Tangan kosong Xiao Chen jelas tak bisa beradu dengan belati, apalagi kedua belati itu beracun.
Di bawah cahaya kuning tipis, Luther seperti kura-kura baja, benar-benar terkejut dengan pertarungan jarak dekat di depannya. Dua sosok itu bergerak luar biasa cepat, menorehkan jejak di udara, setiap serangan mematikan dan ganas.
Ruang kurungan yang sempit itu sering terkena serangan liar, menghantam Perisai Batu di tubuh Luther, membuat lapisan kuning terus bergetar.
Waktu berlalu, dan efek Perisai Batu hampir habis.
Hati Luther semakin tegang.
Jika Perisai Batu habis, di ruang kurungan itu, penyihir lemah sepertinya pasti mati tanpa sisa.
“Cepat, cepat bunuh dia, Ghis! Dasar pecundang!” Luther berteriak marah, matanya merah.
Dum!
Suara benturan berat terdengar.
Akhirnya pertarungan berakhir, sesosok tubuh terpental keras, menghantam dinding batu, lalu terpental lagi, di udara sudah dikejar lawan, dihantam berkali-kali dengan pukulan dan tendangan.
Dum! Dum! Dum! Dum! Dum! Dum! Dum!
Suara hantaman berat terus mengisi udara, tubuh yang terkena dihajar hingga terangkat ke udara, sampai akhirnya tendangan terakhir menebas ke bawah dari udara, jatuh keras ke tanah, tubuh itu sudah tak berbentuk, seluruh tulang remuk, tak lagi menyerupai manusia, seperti karung goni rusak.
Luther berteriak kaget.
Dari pakaiannya, ia tahu korban itu adalah Ghis.

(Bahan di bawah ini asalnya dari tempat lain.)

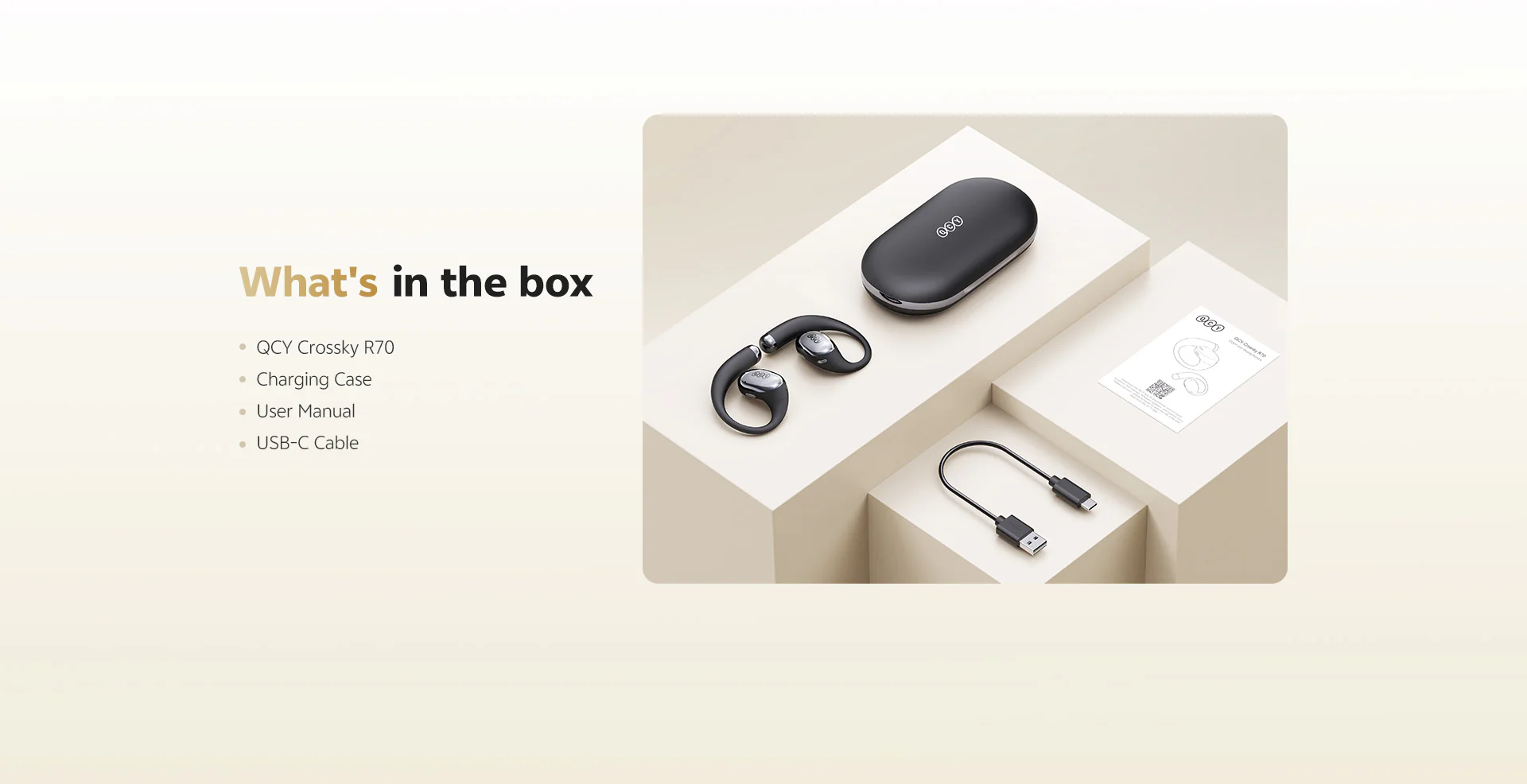• What’s in the Box: Headphones, Charging Case, USB-C Cable, User Manual

“Dasar pecundang, pecundang!”
“Katanya yakin pencuri dalam jarak dekat tak terkalahkan, aku sampai harus mengorbankan gulungan sihir mahal ini, sial, ternyata dia dihancurkan begitu saja.”

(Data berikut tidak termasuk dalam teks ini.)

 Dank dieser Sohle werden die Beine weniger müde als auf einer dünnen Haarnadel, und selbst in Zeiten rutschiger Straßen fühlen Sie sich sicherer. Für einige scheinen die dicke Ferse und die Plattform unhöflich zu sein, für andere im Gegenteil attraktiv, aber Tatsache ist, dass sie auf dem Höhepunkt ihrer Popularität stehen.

Keyakinan Luther benar-benar hancur.
Ia membatalkan Kurungan Tanah, lalu lari sekuat tenaga. Gulungan-gulungan penyelamat yang ia simpan, ia gunakan tanpa ragu.
“Kelincahan Kucing”, “Pengendali Angin”, “Kecepatan Maksimum”, “Loncat Angin”...
“Lari! Lari! Cepat lari!”
“Aku tak percaya kau bisa mengejar!”
Lingkaran sihir terus muncul di tubuhnya, kecepatan lari Luther mencapai puncaknya, bahkan dua kali lebih cepat dari pencuri tadi.

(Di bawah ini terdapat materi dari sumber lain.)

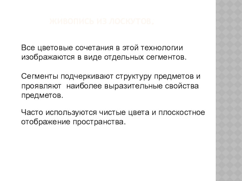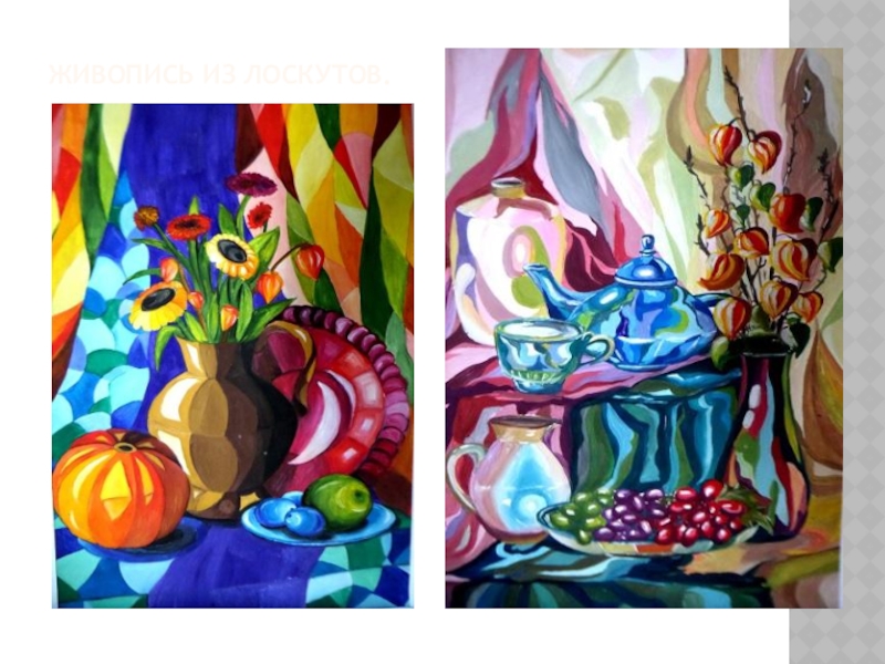 Слайд 8 ЖИВОПИСЬ ИЗ ЛОСКУТОВ.

Xiao Chen, yang baru saja bertarung sengit, sudah sangat kelelahan, memang tak sanggup mengejar.
Tapi, ia bukan hanya ahli bertarung jarak dekat.
Ia tersenyum dingin, empat pusaran angin biru kehijauan muncul perlahan.
Pusaran angin itu terus memadat, lalu berubah menjadi empat peluru angin sebesar ibu jari.
Ssssst~
Peluru angin yang berputar kencang menggesek udara, memekakkan telinga.
Keempat peluru angin berbaris, bersiul memburu bayangan Luther yang melarikan diri.
Dum!
Cahaya kuning di tubuh Luther menyala terang, lalu langsung meredup.
Dum!
Sekali lagi, cahaya kuningnya dipenuhi retakan.
Dum!
Untuk ketiga kalinya, cahaya kuning itu pecah, lenyap menjadi titik-titik cahaya di udara.
Dum!
Yang keempat, kepala Luther meledak seperti semangka.